Other tissues were weighed and flash-frozen in liquid nitrogen before being stored at −80°C, except for half of the gonadal WAT depot, which was fixed in 4% paraformaldehyde, embedded in paraffin and cut into 5 μm-thick sections that were stained for perilipin (antibody 9349S; Cell Signaling Technology, Danvers, MA, USA) using an Alexa fluor 488-conjugated secondary antibody (Life Technologies, Burlington, ON, Canada) and DAPI. Images with identical exposure times were taken with a Zeiss 200 M inverted microscope (Carl Zeiss, Oberkochen, Germany) and lipid droplet areas were determined using CellProfiler 2.1.0 (http://www.cellprofiler.org/) [32].

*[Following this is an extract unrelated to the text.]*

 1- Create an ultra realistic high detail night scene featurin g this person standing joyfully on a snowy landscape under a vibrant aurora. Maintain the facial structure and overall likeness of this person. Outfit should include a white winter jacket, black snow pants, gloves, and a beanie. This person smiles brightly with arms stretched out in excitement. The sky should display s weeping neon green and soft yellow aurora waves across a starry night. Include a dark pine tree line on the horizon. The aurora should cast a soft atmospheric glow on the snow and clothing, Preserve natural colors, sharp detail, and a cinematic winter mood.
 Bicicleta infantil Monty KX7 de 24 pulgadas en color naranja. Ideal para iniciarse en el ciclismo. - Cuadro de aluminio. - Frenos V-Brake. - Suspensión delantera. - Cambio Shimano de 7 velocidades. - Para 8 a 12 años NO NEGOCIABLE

For real-time PCR, total RNA was extracted from islets using the Qiagen RNeasy Mini kit (Qiagen, Mississauga, ON, Canada), and from adipose tissue using acid guanidinium thiocyanate–phenol–chloroform extraction with TRIzol (Invitrogen) followed by Qiagen RNeasy Mini columns [33]. cDNA was generated using a qScript cDNA synthesis kit (Quanta Biosciences, Gaithersburg, MD, USA). Reactions were performed on default parameters of a StepOnePlus real-time PCR system (Applied Biosystems, Foster City, CA, USA), using TaqMan Fast Universal PCR or Fast SYBR Green Master Mixes (Applied Biosystems). See electronic supplementary material [ESM] Table 1 for primer details. Values were normalised using the \( {2}^{-\Delta {\mathrm{C}}_{\mathrm{t}}} \) method.
Statistical analyses
Statistical analyses were performed with SPSS 15.0 software and a critical α-level of p ≤ 0.05. Two-way ANOVA models were used to assess factors of genotype and diet and a significant interaction led to one-way ANOVAs comparing HFD-fed Ins1
−/−:Ins2
+/+ mice, CD-fed Ins1
−/−:Ins2
+/+ mice, HFD-fed Ins1
−/−:Ins2
+/− mice and CD-fed Ins1
−/−:Ins2
+/− mice, with Bonferroni corrections applied. ANCOVA was used to test energy expenditure with covariates of lean and fat mass. One-way ANOVAs or two-tailed t tests were used to analyse tissue data from the 50-week time point.